Testing Internet Speeds
Recently, a few of our customers have upgraded their internet connections. Wanting to test the shiny new connections and demonstrate that they were money well spent, they went to speedtest.net and were disappointed to discover that the reported speeds were unexpectedly low when the traffic was routed through their Opendium Iceni web filter. We ended up fielding a few support calls relating to this, and after some investigation discovered that the low speeds being reported were largely due to flaws in the speedtest.net application.
There appear to be a number of reasons for the misleading speedtest.net results: Firstly, the application appears to have a couple of different methods of testing throughput, and silently switches between them depending on various network conditions. By preference, it tests throughput by transferring large amounts of raw data on TCP port 8080, but if that fails, it falls back to using HTTP on port 80. In testing, the throughput we measured using the port 8080 test was significantly higher than the HTTP test, given otherwise identical network conditions. It was not clear to us whether the under performance of the HTTP test was due to a fault in the speedtest.net client, or the speedtest.net servers.
We also noted that the data transferred for the HTTP tests were random noise - this is good practice because random noise can't be compressed, so any data compression on the connection would not artificially inflate the measured throughput. Unfortunately, this good practice doesn't seem to be used on the port 8080 test - there, a repeating text string is used as the test data, which would be highly compressible. Therefore, if any data compression is used on the internet connection, we would expect the port 8080 test to produce artificially high throughputs, perhaps even exceeding the physical connection's maximum throughput.
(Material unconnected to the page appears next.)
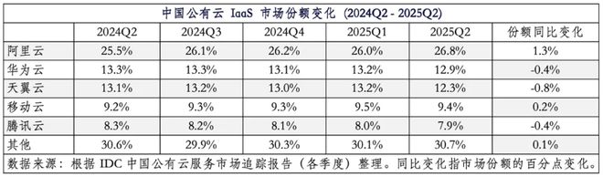 10月31日,IDC發(fā)布最新的《中國公有云服務市場(2025上半年)跟蹤》報告。報告顯示,2025年第二季度,阿里云在中國公有云基礎設施即服務(IaaS)市場的份額攀升至26.8%,連續(xù)五個季度份額上漲。
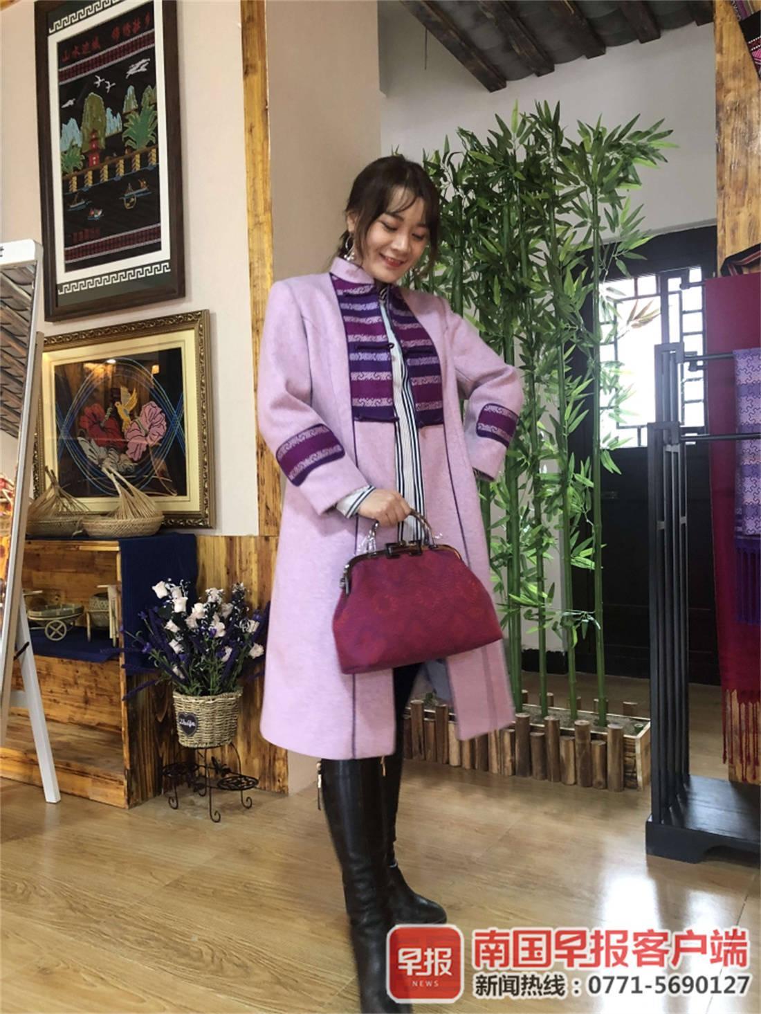 这些新式的壮族服装,除了款式更符合现代人审美,纹样也经过重新描摹设计,配色变得清新淡雅,有民族特色,又可日常穿戴。除了新式的壮族服装,还有新配色的壮锦围巾、披肩,首饰和包包等服装配饰。这些产品所用到的壮锦大多数由织娘手工织造而成,有着不同于机器流水线的精致。

Customers were making tests on completely unrestricted connections, and comparing them to tests made on their normal networks which are filtered by Iceni. The logical conclusion was that any reduction in the throughput was due to a bottleneck caused Iceni. However, connections on TCP port 8080 are typically not allowed on the filtered networks, causing the speedtest.net application to silently switch to the under performing HTTP test, irrespective of any interaction with the proxy / web filter.
We also showed that the speedtest.net application miscalculates upload speeds when testing over HTTPS. We ran speedtest.net tests whilst independently measuring the internet connection throughput. Speedtest.net reported upload speeds of around 90Mbps, whilst our independent measurements only showed a throughput of 50Mbps.
Most people using speedtest.net will be on unfirewalled home connections, so the tests will automatically be carried out using the port 8080 mode. It's likely that speedtest.net simply haven't tested the HTTP mode properly since it is used less frequently, and this has resulted in several bugs not being noticed. We believe that our research has demonstrated significant failings both with the speedtest.net application itself, and with the overall testing methodologies employed. As the speedtest.net service produces grossly inaccurate results in some cases, we conclude that it should not be used.
Simplistic throughput testing can be achieved by using the test download files provided by thinkbroadband. However, throughput testing is just one tool in measuring the performance of an internet connection, and the results must be interpreted in context. A single large download made by a single workstation in no way reflects the normal usage patterns you would expect to see on a multi-user network. In particular, in some environments a single stream will achieve a much lower throughput than multiple concurrent streams (to their credit, speedtest.net do use multiple streams); on the other hand, the overheads associated with connection setup and teardown are significantly higher when handling the typical short-lived web requests that most web browsing creates, compared to a few large downloads used by throughput testing.